According to a news report posted on medtechdive.com, Getinge has initiated a recall of more than 11,000 of its ventilators. The U.S. Food and Drug Administration has categorized the recall as a Class I recall due to the possibility of injury or death. Getinge issued a critical medical device correction alert concerning devices distributed last month after the company discovered an issue that could cause loss of ventilation. If a loss of ventilation occurs, patients could suffer life-threatening circulatory failure. Getinge estimates the odds of one of these devices experiencing this error to be about 0.002%.
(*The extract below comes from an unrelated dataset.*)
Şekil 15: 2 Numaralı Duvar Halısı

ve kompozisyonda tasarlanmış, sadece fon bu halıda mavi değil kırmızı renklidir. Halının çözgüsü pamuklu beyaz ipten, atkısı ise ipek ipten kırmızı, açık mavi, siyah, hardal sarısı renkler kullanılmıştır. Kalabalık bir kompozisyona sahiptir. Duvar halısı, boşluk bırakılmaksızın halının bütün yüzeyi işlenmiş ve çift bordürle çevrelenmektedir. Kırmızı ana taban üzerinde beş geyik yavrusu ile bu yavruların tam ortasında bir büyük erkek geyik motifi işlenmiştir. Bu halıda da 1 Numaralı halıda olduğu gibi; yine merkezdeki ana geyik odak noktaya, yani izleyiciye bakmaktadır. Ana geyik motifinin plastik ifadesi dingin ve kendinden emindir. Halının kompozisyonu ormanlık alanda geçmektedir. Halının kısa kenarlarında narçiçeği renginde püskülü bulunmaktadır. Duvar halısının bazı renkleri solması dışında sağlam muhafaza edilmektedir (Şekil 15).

The Class I Recall includes four Getinge devices, including the Servo-u mechanical ventilators and Getinge’s Servo-n products for use with neonates. All of the affected medical devices have a problem related to their alarms. Getinge initiated the product recall after it discovered the devices might sound a variety of alarms resulting in a loss of communication, the loss of ventilation, and the triggering of technical alarms. Should a ventilator stop functioning, the patient might breathe too shallowly or too slowly, causing the patient to receive too little oxygen resulting in circulatory failure and/or brain injuries.
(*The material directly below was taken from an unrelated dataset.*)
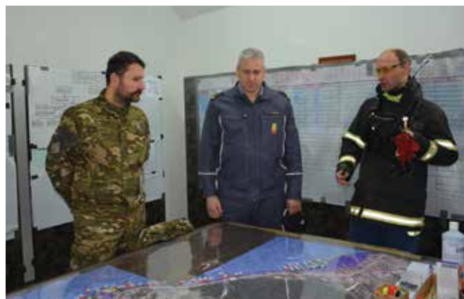
Ob poplavah na Planinskem polju ...

Biti gasilec je način življenja in vpliva na vse člane v družini. Z ženo sva se že pred poroko dogovorila, da je gasilstvo del mojega življenja. Prav gotovo ji ni bilo vedno lahko. Sicer pa me je vedno podpirala pri mojem delu,

Getinge advises patients to follow the existing precautions to minimize the impact of the loss of ventilation, and the company has updated its software platform. Getinge has already issued a field safety notice concerning the devices’ alarm-related issues in Europe last June. In that warning notice, Getinge explained the three scenarios in which ventilation stopped while patients were being treated with Servo-n.
Getinge’s recall follows Philips’ recall of more than 5.5 million sleep apnea, CPAP, BiPAP, and ventilator devices due to toxic sound abatement foam. Lawsuits filed against Philips allege that the company was aware of the risks for several years before it initiated the recall.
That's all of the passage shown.